Furthermore, the presence of oxides and/or carbides on the surface
of the metal can reduce the rate of diffusion of hydrogen by up to
5 orders of magnitude.
We don’t know for sure what the accurate values of some of these
variables are and additionally they would vary widely within an
operational range throughout the operational lifetime of the E-Cat.
However, since hydrogen is very slippery and notoriously hard to
contain, a good guess can be made that most of the hydrogen
consumed by the Rossi reactor would be lost through diffusion
through the hot walls of the stainless steel reaction vessel.
Because of all these large uncertainties, calculation of the
nuclear reaction rates as a function of hydrogen consumption
implying a clue to the nuclear processes going on inside the E-Cat
reaction vessel cannot be made in my opinion.
With best regards,
Axil
On Thu, Oct 27, 2011 at 7:48 AM, Horace Heffner
<hheff...@mtaonline.net> wrote:
From:
http://www.rossilivecat.com/
Quote:
- - - - - - - - - - - - - - - - - - - -
Andrea Rossi
October 25th, 2011 at 4:59 PM
Dear Thomas Blakeslee:
Grams/Power for a 180 days charge
Hydrogen: 18000 g
Nickel: 10000 g
Warm Regards,
A.R.
- - - - - - - - - - - - - - - - - - - -
End quote.
At atomic weight of 1.0079 the 18000 gm of H is 1786 mols. At an
atoommic weight of 58.69 the 10,000 gm of Ni is 170.4 mol. This
means 10.48 atoms of H need be provided per 1 atom of Ni.
Assuming the reaction is Ni-H, as claimed, only about 1 in 10 atoms
of H is consumed, thus 170.4 mols of H and a170.4 mols of Ni are
consumed, maximum. This involves the obviously wrong assumption
that all the Ni atoms are transmuted, not a more realistic 3
percent.
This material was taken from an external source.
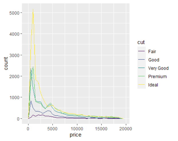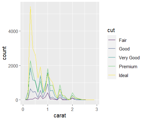 geom_freqpoly(mapping = aes(colour = cut), binwidth = 500)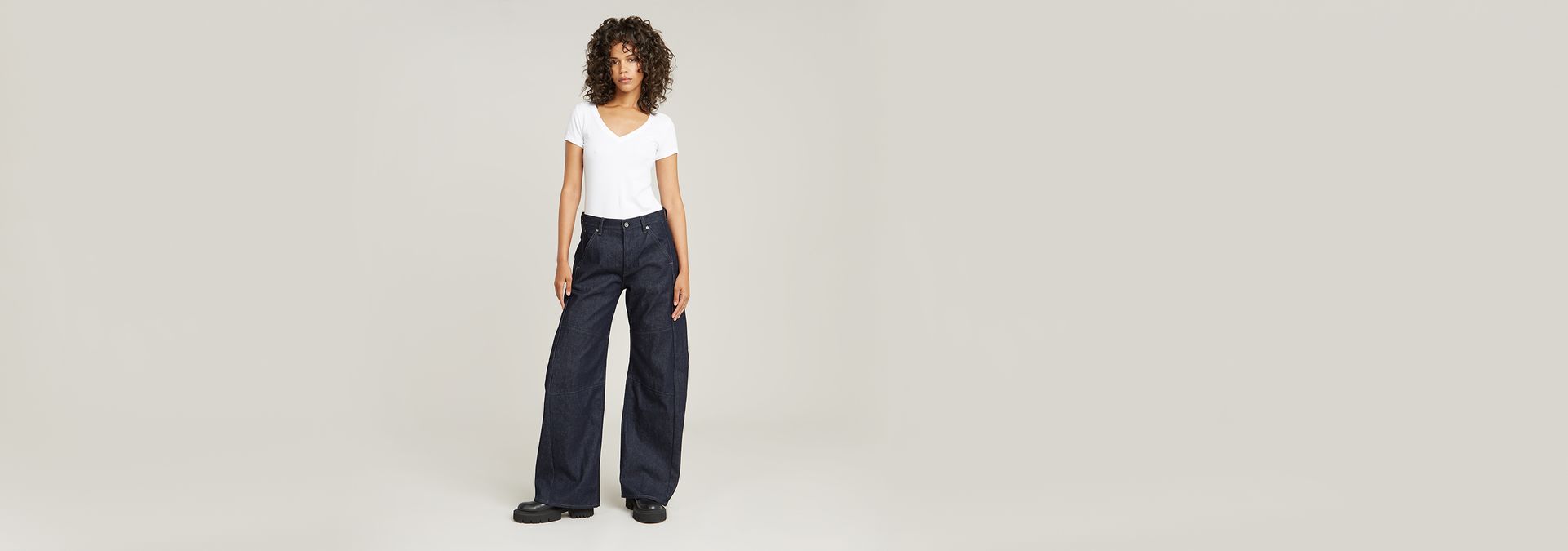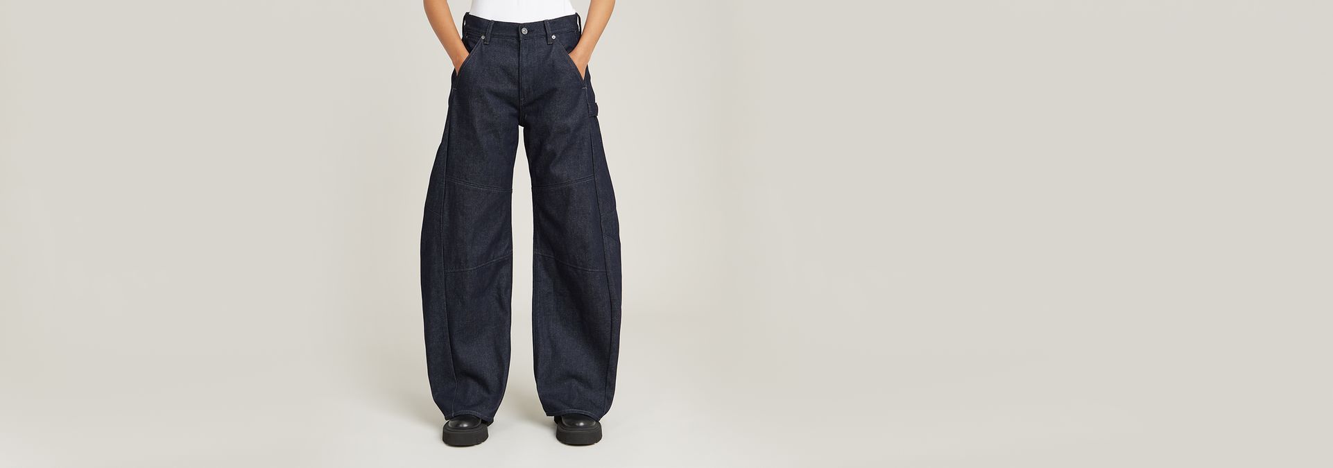 The Bowey 3D jean is part of our Anatomic Denim offer. A low-rise fit with a barrel leg. Strategically placed darts around the knee create a bow-leg shape, adding extra volume for a more relaxed feel. Utilitarian elements like a tool loop complete the look.

There is also an outside possibility the H reacts with
daughter products, giving the possibility of 10 subsequent daughter
reactions per primary Ni+H reaction. Three such reactions is an
outside possibility.
One MW for 180 days is 1.556x10^13 J, or 10^7 MJ. That is
(6.241x10^24 eV/MJ)*(1.556x10^13 J)/(170.4 mol * 6.022x10^23 atoms /
mol) = 9.464x10^5 eV/(Ni atom). If there is one reaction per atom
and all Ni is consumed by single reactions than that is 0.9464 MeV
per Ni-H event. The gammas from this would be lethal at short
range, even through 2 cm of lead. If it is assumed that 3% of the
Ni is consumed then that is 0.9464 MeV/0.03 = 31.5 MeV per
reaction. If there are an average of 3 daughter reactions per
primary reactions that is about 10 Mev per reaction.
If 10 MeV gammas are produced then 5 cm of lead shielding will be
of no use in protecting the operators. If near 1 MeV gammas are
produced the lead shielding is inadequate.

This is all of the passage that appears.